[Python-ideas] NAN handling in the statistics module

Steven D'Aprano steve at pearwood.info
Mon Jan 7 03:09:54 EST 2019

(By the way, I'm not outright disagreeing with you, I'm trying to weigh 
up the pros and cons of your position. You've given me a lot to think 
about. More below.)

On Sun, Jan 06, 2019 at 11:31:30PM -0800, Nathaniel Smith wrote:
> On Sun, Jan 6, 2019 at 11:06 PM Steven D'Aprano <steve at pearwood.info> wrote:
> > I'm not wedded to the idea that the default ought to be the current
> > behaviour. If there is a strong argument for one of the others, I'm
> > listening.
> "Errors should never pass silently"? Silently returning nonsensical
> results is hard to defend as a default behavior IMO :-)

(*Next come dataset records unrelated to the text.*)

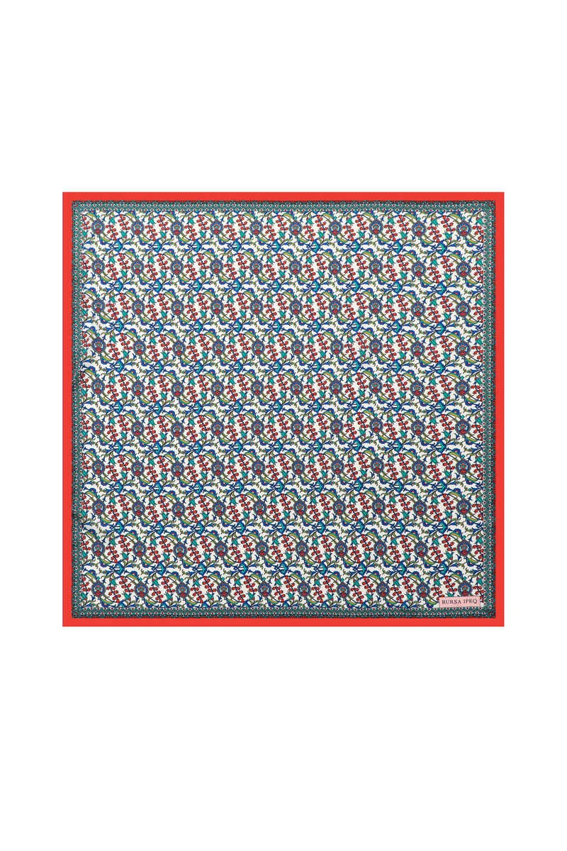 The "Kırmızı Sarmaşık Lale Desen İpeksi Mendil" is a silk-like handkerchief featuring a red ivy tulip pattern. It measures 55×55 cm and is made from silky rayon with hand-rolled stitching, originating from Bursa, Turkey.
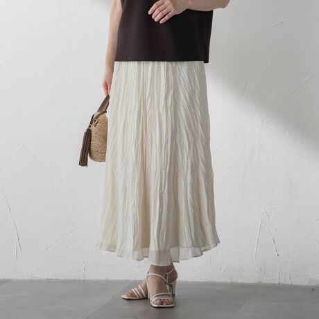 軽やかに揺れる表情が魅力の、タテジワプリーツスカート。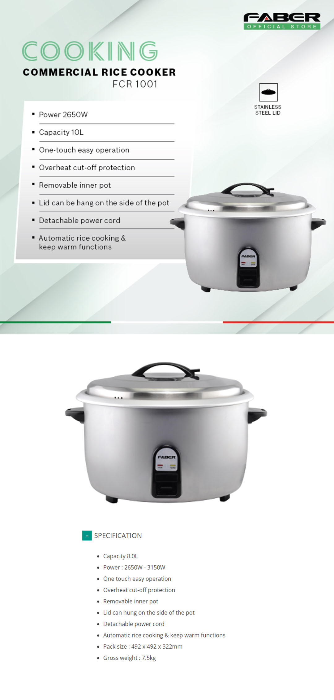 FABER 8L Rice Cooker FCR 801 | One Touch Easy Operation | Overheat cut-off Protection | Automatic Rice Cooking & Keep Warm Functions | Rice Cooker with 1 Year Warranty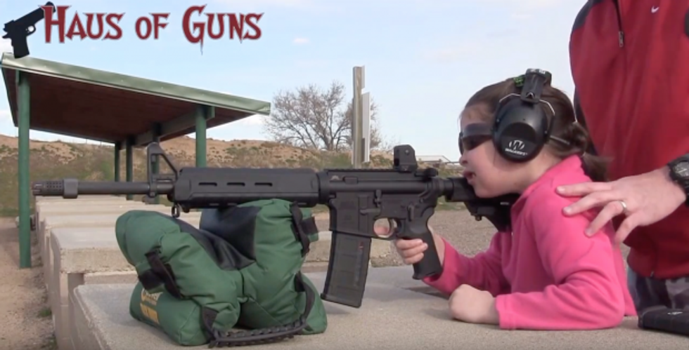 The video was uploaded by a dad who runs the Haus of Guns Facebook page.

If you violate the assumptions of the function, just about everything 
can in principle return nonsensical results. True, most of the time you 
have to work hard at it:

class MyList(list):
    def __len__(self):
        return random.randint(0, sys.maxint)

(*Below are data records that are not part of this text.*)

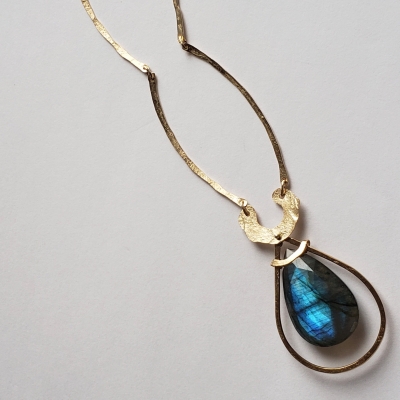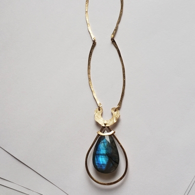 AAA quality labradorite pendant, hammered style chain. Hand made.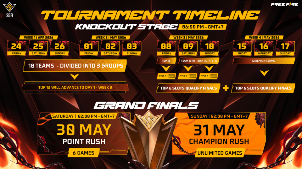 Rangkaian turnamen akan diawali dengan babak Knockout pada 24 April – 17 Mei 2026, sebelum berlanjut ke Grand Finals yang akan digelar secara offline pada 30–31 Mei 2026 di Military Zone 7 Stadium, Ho Chi Minh City, Vietnam.
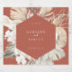 Bonitas frentes de palma, rosas e estrutura geométrica de orquídeas, secas em boho-chic, sobre fundo cor de laranja ferrugem, etiqueta de bebida personalizada. Projetado para combinar com nossa Coleção de Casamentos Boêmia Oasis.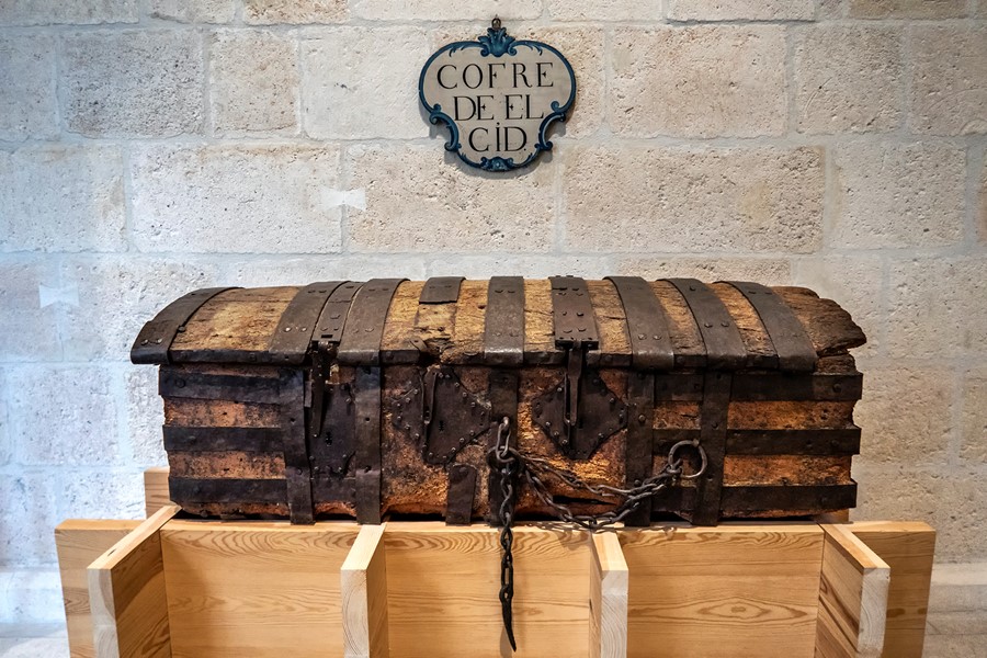 En un lugar señalado del claustro alto de la Catedral se expone el llamado Cofre del Cid, un arcón medieval que tradicionalmente se ha relacionado con el que aparece en la obra literaria del ‘Cantar de Mio Cid’. Mediante un ingenioso ardid Rodrigo Díaz de Vivar y Martín Antolínez —su vasallo más fiel— consiguieron que los prestamistas judíos Raquel y Vidas les entregaran, a cambio de dos arcas llenas de arena, 600 marcos, una mitad de oro y la otra de plata. En realidad, el cofre en cuestión es un arcón del siglo XIII-XIV en el que se guardaban bajo llave algunos de los más valiosos documentos del cabildo de la Catedral.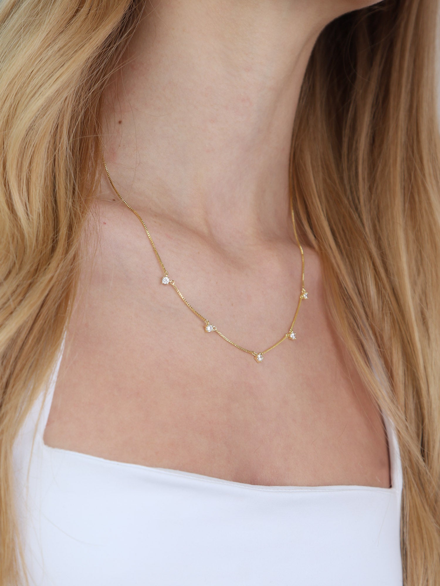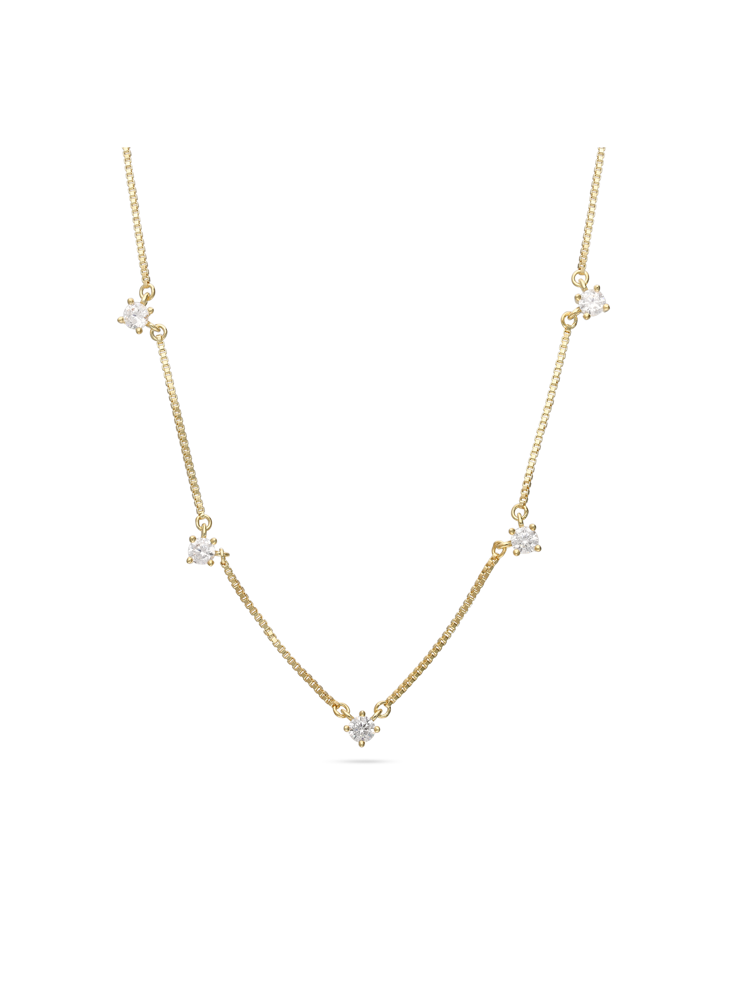 Cadeia de elementos, Banhado a Ouro, Zircónia de cultivo, Claro, Círculo, Feito à mão, Dourado, 2.71 gramas.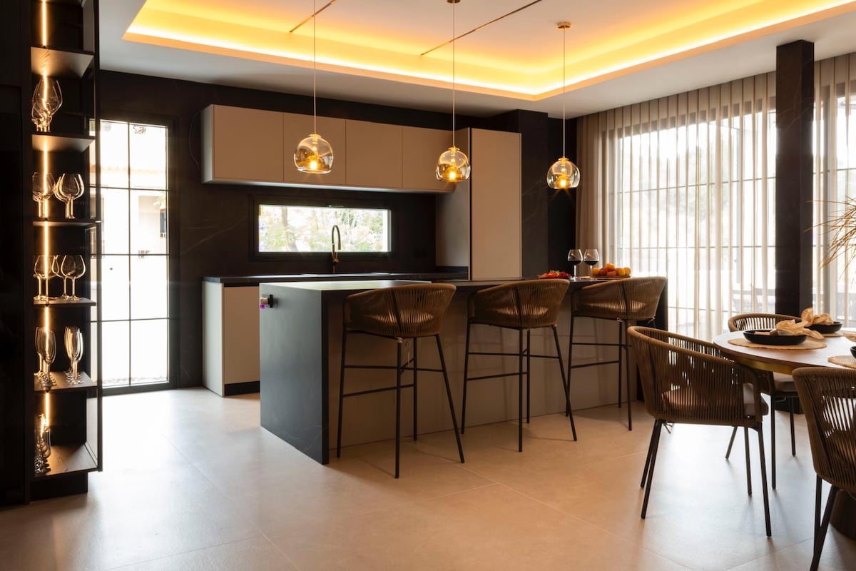 Designermodulær villa med privat basseng, panoramautsikt og high-end finish — ideell for grupper på opptil syv personer. Terrasse, hage, grill, parkering og peis. I nærheten av stier i Sierra de Cazorla. Tilpasset for bevegelseshemninger: 91 cm dører, første etasje uten trinn og walk-in-dusjer. Førsteklasses rengjøring på forespørsel.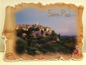 I received this postcard in 2010. In 2011, the name of the city was changed to Saint-Paul-de-Vence.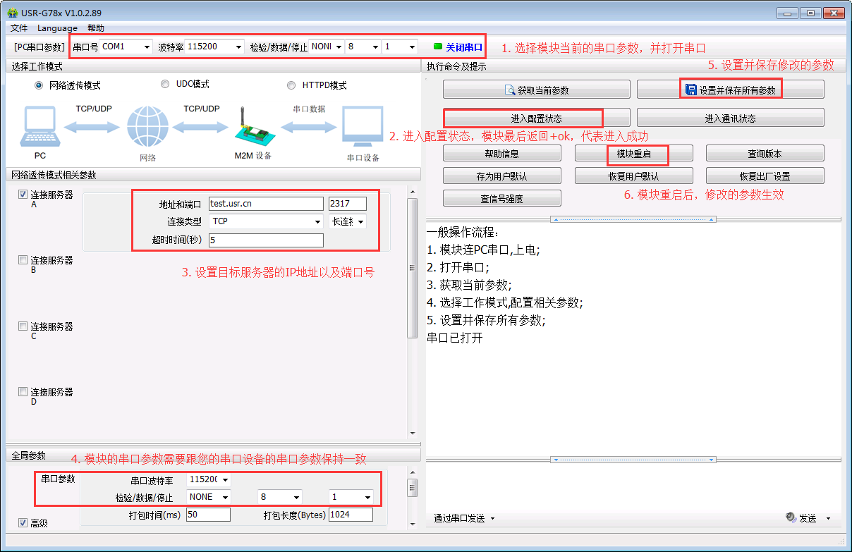 (1)設置之前必須將4G模塊的串口連接電腦的串口,然后打開設置軟件設置參數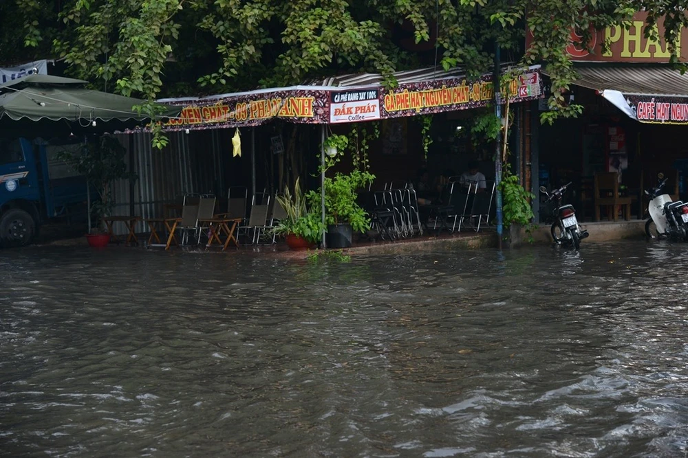 Mưa lớn, đường ngập cũng khiến việc kinh doanh, buôn bán của người dân gặp khó khăn.

but it isn't unreasonable to document the assumptions of a function, and 
if the caller violates those assumptions, Garbage In Garbage Out 

E.g. bisect requires that your list is sorted in ascending order. If it 
isn't, the results you get are nonsensical.

py> data = [8, 6, 4, 2, 0]
py> bisect.bisect(data, 1)

That's not a bug in bisect, that's a bug in the caller's code, and it 
isn't bisect's responsibility to fix it.

Although it could be documented better, that's the current situation 
with NANs and median(). Data with NANs don't have a total ordering, and 
total ordering is the unstated assumption behind the idea of a median or 
middle value. So all bets are off.

> > How would you answer those who say that the right behaviour is not to
> > propogate unwanted NANs, but to fail fast and raise an exception?
> Both seem defensible a priori, but every other mathematical operation
> in Python propagates NaNs instead of raising an exception. Is there
> something unusual about median that would justify giving it unusual
> behavior?

Well, not everything... 

py> NAN/0
Traceback (most recent call last):
  File "<stdin>", line 1, in <module>
ZeroDivisionError: float division by zero

There may be others. But I'm not sure that "everything else does it" is 
a strong justification. It is *a* justification, since consistency is 
good, but consistency does not necessarily outweigh other concerns.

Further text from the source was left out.